WHAT YOU WILL DO: Return an exact copy of the data, starting at its first line and ending at the line that contains "Представив объектив Tokina", minus any pictures.

PROVIDED DATA:

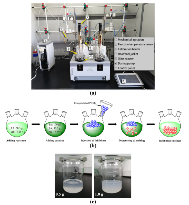 圖2 (a) 實驗裝置,(b) 抑制實驗過程,(c)膠囊化相變材料漿體
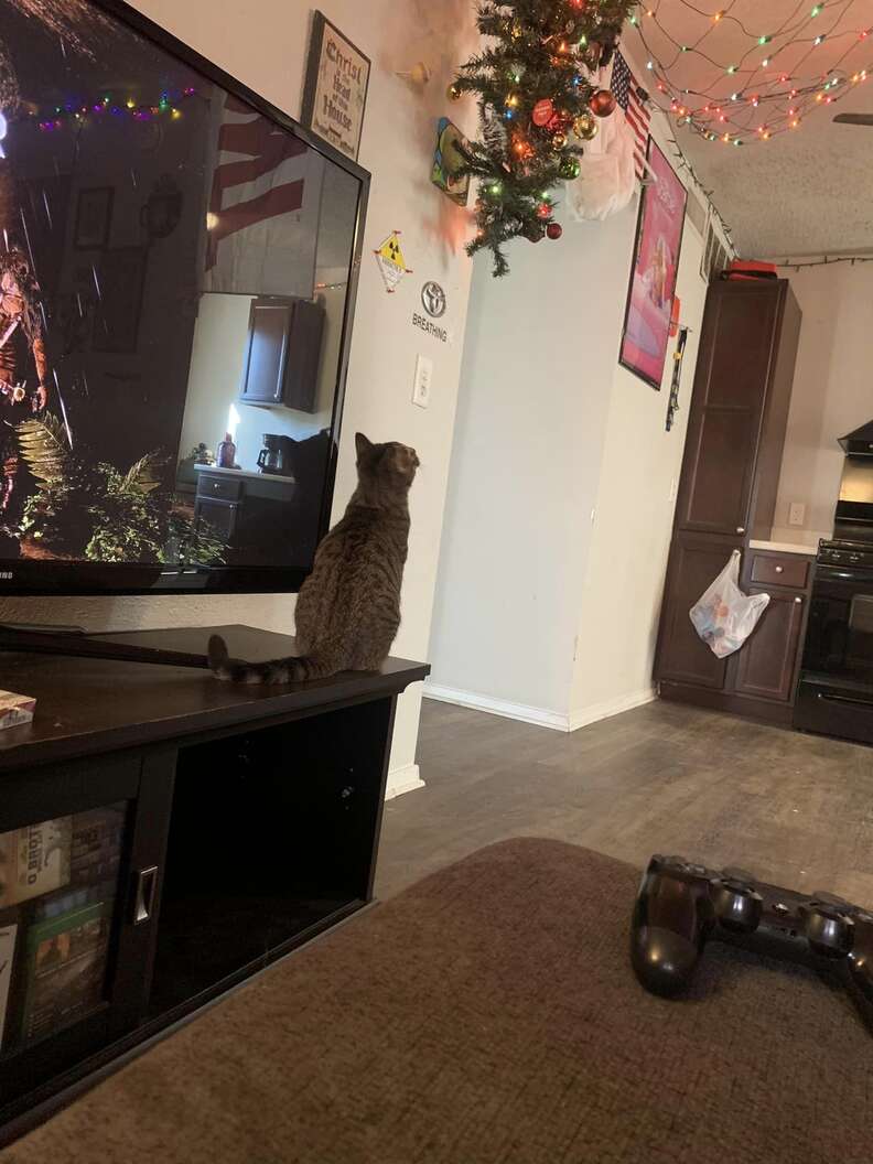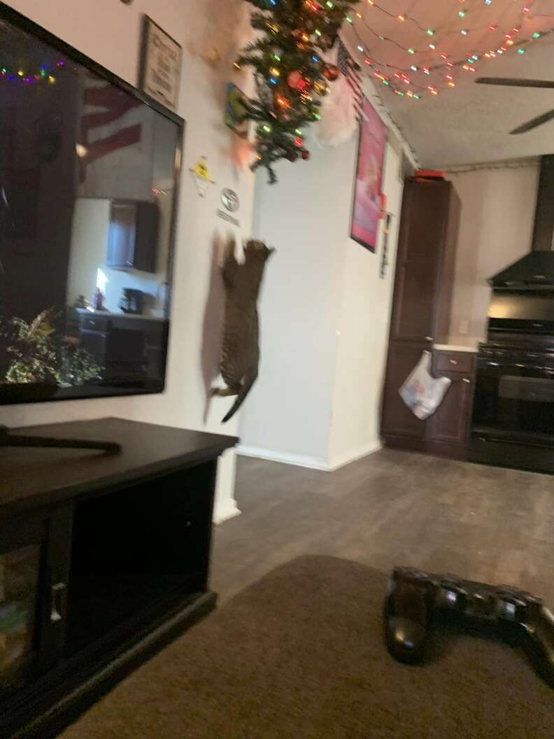 Il semblerait que Kanye ait considéré le déplacement du sapin de Noël au plafond comme un défi, un défi qu’il était plus qu’heureux de relever. Le chat a commencé à élaborer un plan.
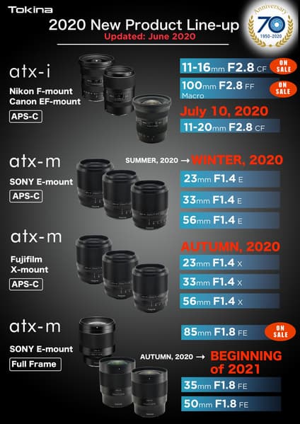 Представив объектив Tokina atx-i 11-20mm F2.8 CF для зеркальных камер Canon и Nikon формата APS-C, компания Tokina выполнила еще один пункт своего плана выпуска объективов на этот год. В связи с этим источник опубликовал обновленный план, в котором, помимо добавления даты начала продаж объектива Tokina atx-i 11-20mm F2.8 CF — 10 июля — есть и другие изменения.
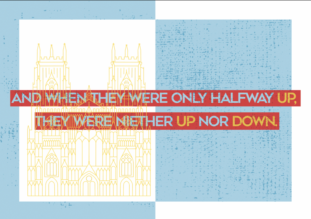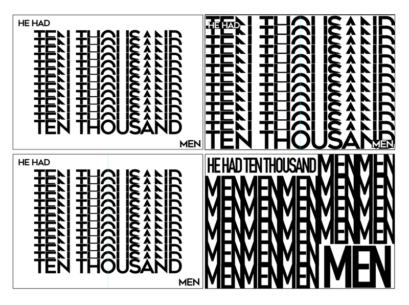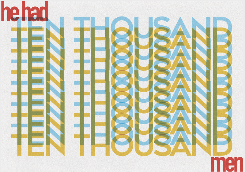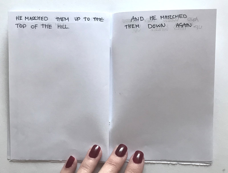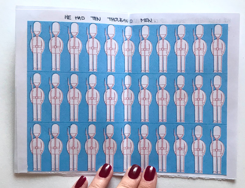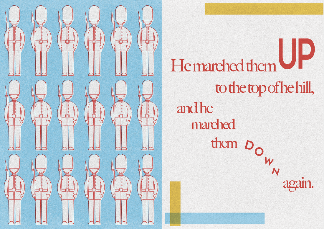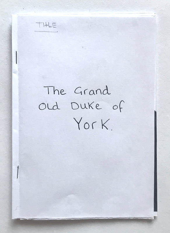 Brief For this brief, we were asked to create a 12-page bound book as a personal response to a nursery rhyme. I chose 'The Grand Old Duke of York'. The design did not have to be aimed at children and we had complete freedom with size, format and technique. Research I began by researching the rhyme online, trying to find any hidden or underlying meanings behind the storyline. I found that one theory behind the rhymes origins was that it is a reference to Prince Frederick, Duke of York and Albany during the French Revolutionary Wars, the 'hill' being the town of Cassel. The rest of my research revolved around looking up techniques for in Photoshop. I found a good set of tips from this website here, which I used to help me create a few of the effects in my book. I then began drawing up a couple of thumbnail ideas, thinking about if I wanted to include any variations of spreads, or cutting shapes into the pages. Mock Ups After my thumbnails I created a few quick mock ups in order to explore how I wanted it to be structured and which lines of the rhyme where going to be on each page. I decided due to the rhyme being short and because I needed it to fill up 12 pages, that there would be mostly double page spreads. I also experimented a little bit with cutting out the letters on the front cover to add more variation and interest. Development I began developing my ideas on Photoshop, trying out different layouts and ways to use type to represent the lines of the rhymes. I knew I wanted to focus more on using typography then actually illustrating the rhyme, but I still wanted to add some imagery so for the first line I chose to include a photo of the Duke of York (linked here). In addition, being inspired by some of the work I did for the activities the previous week, I wanted to incorporate simple shapes and colours throughout the pages. For the second line I played around with different ways to represent a 'thousand men' using type. For the third line I created a pattern for one of the pages taking this vector image of a soldier. I then created a rise print effect and played around with the colours to make it coherent with the other pages. I also played around with overlong a vector of the York Minister (here) onto one of the pages but later decided against it as I preferred the page without. Final Piece

EXERCISE RESPONSE:
 圖2 (a) 實驗裝置,(b) 抑制實驗過程,(c)膠囊化相變材料漿體
 Il semblerait que Kanye ait considéré le déplacement du sapin de Noël au plafond comme un défi, un défi qu’il était plus qu’heureux de relever. Le chat a commencé à élaborer un plan.
 Представив объектив Tokina atx-i 11-20mm F2.8 CF для зеркальных камер Canon и Nikon формата APS-C, компания Tokina выполнила еще один пункт своего плана выпуска объективов на этот год. В связи с этим источник опубликовал обновленный план, в котором, помимо добавления даты начала продаж объектива Tokina atx-i 11-20mm F2.8 CF — 10 июля — есть и другие изменения.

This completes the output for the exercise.